Material provided:
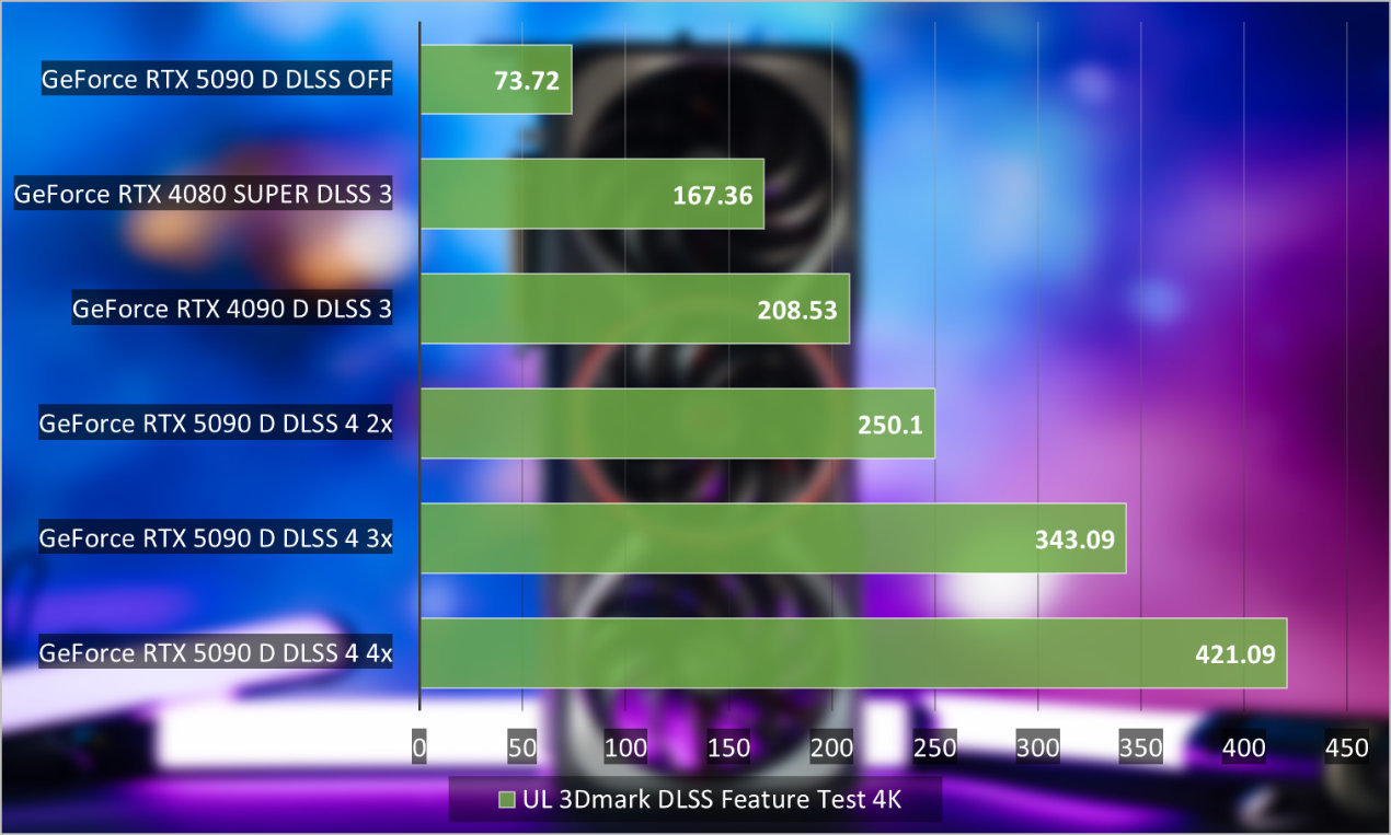 UL 3Dmark DLSS Feature Test項目中,已經在預覽內提供了對DLSS 4的支持,在後續升級中,正式版也會提供對DLSS 4的測試。這裏我們順帶引入了RTX 4090 D的對比,同樣的場景下GeForce RTX 5090 D相對RTX 4090 D提升了一倍有餘。同樣,相對不開啓DLSS 4的原生畫面,提升更爲誇張,達到了將近5倍。
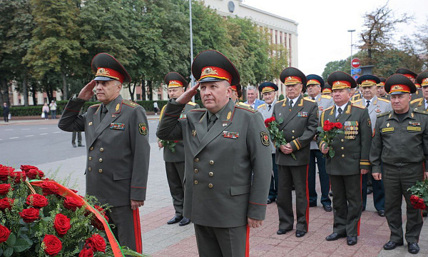 Перед торжественным собранием Государственный секретарь Совета Безопасности Республики Беларусь генерал-лейтенант Александр Вольфович, Министр обороны Беларуси генерал-лейтенант Виктор Хренин, члены коллегии Министерства обороны, действующие офицеры и ветераны Вооруженных Сил возложили цветы к подножию памятника советскому танку Т-34.
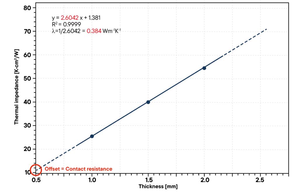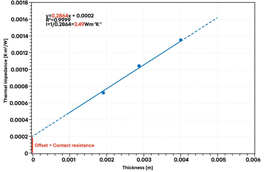 在 50 °C(TH = 70 °C,TC = 30 °C)溫度下測(cè)量 25 mm x 25 mm 導(dǎo)熱墊(Ⅱ 類樣品)的熱阻(導(dǎo)熱系數(shù))。如圖所示,測(cè)量了厚度在 2.01 mm 至 3.02 mm 之間的三個(gè)不同樣品,以確定其接觸熱阻(使用線性回歸法)。

Action item:
Leave out the images and copy all remaining data word for word.

Task response:
 UL 3Dmark DLSS Feature Test項目中,已經在預覽內提供了對DLSS 4的支持,在後續升級中,正式版也會提供對DLSS 4的測試。這裏我們順帶引入了RTX 4090 D的對比,同樣的場景下GeForce RTX 5090 D相對RTX 4090 D提升了一倍有餘。同樣,相對不開啓DLSS 4的原生畫面,提升更爲誇張,達到了將近5倍。
 Перед торжественным собранием Государственный секретарь Совета Безопасности Республики Беларусь генерал-лейтенант Александр Вольфович, Министр обороны Беларуси генерал-лейтенант Виктор Хренин, члены коллегии Министерства обороны, действующие офицеры и ветераны Вооруженных Сил возложили цветы к подножию памятника советскому танку Т-34.
 在 50 °C(TH = 70 °C,TC = 30 °C)溫度下測(cè)量 25 mm x 25 mm 導(dǎo)熱墊(Ⅱ 類樣品)的熱阻(導(dǎo)熱系數(shù))。如圖所示,測(cè)量了厚度在 2.01 mm 至 3.02 mm 之間的三個(gè)不同樣品,以確定其接觸熱阻(使用線性回歸法)。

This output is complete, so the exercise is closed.